All I remember is that Parry was batting along with Larry Gomes, and the West Indies Masters were chasing a modest target. Parry is relevant to our discussion because of the commentator’s (don’t remember who – it was an Indian guy) repeated descriptions of how he should play.

“Parry should not bother about runs”, the commentator kept saying. “He should simply use his long reach and smother the spin and hold one end up. It is Gomes who should do the scoring”. And incredibly, that’s how West Indies Masters got to the target.

So the Derick Parry management paradigm consists of eschewing all the “interesting” or “good” or “impactful” work (“scoring”, basically. no pun intended), and simply being focussed on holding one end up, or providing support. It wasn’t that Parry couldn’t score – he had at Test batting average of 22, but on that day the commentator wanted him to simply hold one end up and let the more accomplished batsman do the scoring.

I’ve seen this happen at various levels, but this usually happens at the intra-company level. There will be one team which will explicitly not work on the more interesting part of the problem, and instead simply “provide support” to another team that works on this stuff. In a lot of cases it is not that the “supporting team” doesn’t have the ability or skills to execute the task end-to-end. It just so happens that they are a part of the organisation which is “not supposed to do the scoring”. Most often, this kind of a relationship is seen in companies with offshore units – the offshore unit sticks to providing support to the onshore unit, which does the “scoring”.

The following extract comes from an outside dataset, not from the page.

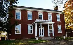 Oakwood, also known as the Abiel Leonard House, is a historic home located at Fayette, Howard County, Missouri. It was built about 1834–1836, with alterations occurring in 1850–1851, 1856–1858, the 1890s, and 1938. It is a two-story, Federal style brick I-house with a two-story rear ell with a double gallery porch. The front facade features a small classical portico. Also on the property are the contributing brick slave house, a second brick slave house (1857) adjoining an existing brick smokehouse, an ice house, and a fruit cellar.[2]: 3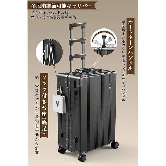 【多段調節キャリバー&物掛けフック&オートターンハンドル】アルミ合金製の超軽量のキャリバーは伸縮可能で、ご自分の身長に合わせて、最適な高さに調節できます。キャリーケースのボディ側面の台座に手提げ袋など掛けられるフックを搭載しています。外出中増えがちな荷物を、手持ちから解放してくれる便利機能です。トップとサイドのハンドルは、手を離すと自然と元の位置に戻るオートリターン機能が付いています。

In some cases, the Derick Parry school goes to inter-company deals as well, and in such cases it is usually done so as to win the business. Basically if you are trying to win an outsourcing contract, you don’t want to be seen doing something that the client considers to be “core business”. And so even if you’re fully capable of doing that, you suppress that part of your offering and only provide support. The plan in some cases is to do a Mustafa’s camel, but in most cases that doesn’t succeed.